いきなり三つ子パパになったのに、エリート外交官は溺愛も抜かりない!

 馬鹿正直に答える必要はなかったのに、なぜ誤魔化さずに本当のことを言ってしまったのだろうか。

 通院していると言ったら、近くに住んでいるのだと知られてしまう。そして何よりも、小春との関係が知られてしまう。

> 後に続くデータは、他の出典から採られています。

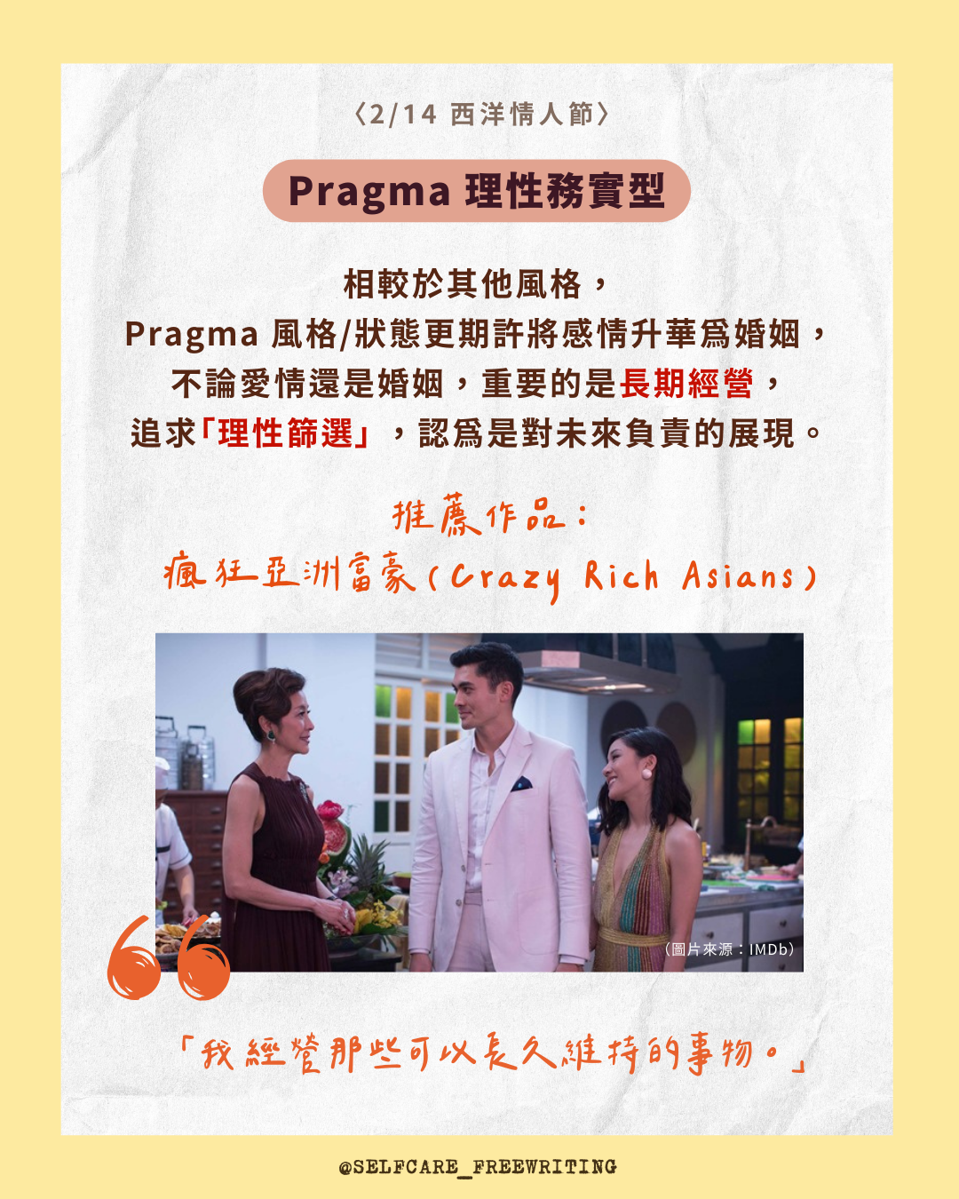 相較於其他風格,Pragma 風格/狀態更期許將感情升華為婚姻,不論愛情還是婚姻,重要的是長期經營,追求「理性篩選」 ,認為是對未來負責的展現。

 口には出さないものの、裕斗は小春の存在に気づいているはずだ。

(もし私の子だと知られたら、自分の子かもしれないと疑われるかもしれない)

 麻衣子はさっと血の気が引くのを感じた。

(どうしよう……)

 顔を会わせたこの状態で、誤魔化すことができるのだろうか。

 裕斗は小春に目を遣り、何かを考えるような表情をしている。

(なにを考えているのだろう……)

 聞いてしまいたくなるけれど、何を言っても墓穴を掘りそうな気がして、声がでない。

 ふたりの間に気まずい沈黙が流れている。

 そのとき、足元から小さな声が響いた。

「ママ、おうちにかえろう」

 はっとして視線を下げると、小春が不安そうな表情で麻衣子を見上げている。

「ママ……」

 小春が、何かにすがるように麻衣子の足にぎゅっとしがみつく。

「あ……大丈夫よ。もう少しだけ待っててね」

 麻衣子ははっとした気持ちで、小春を抱き上げた。

 幼い子供は、母親の不安を敏感に感じ取る。小春はただでさえ人見知りなところがあるから、今強い不安を感じているのだろう。
(しっかりしなくちゃ、私は母親なんだから)

 気を引き締めて裕斗を見つめる。彼は小春から麻衣子に戸惑いが浮かぶ顔を向けた。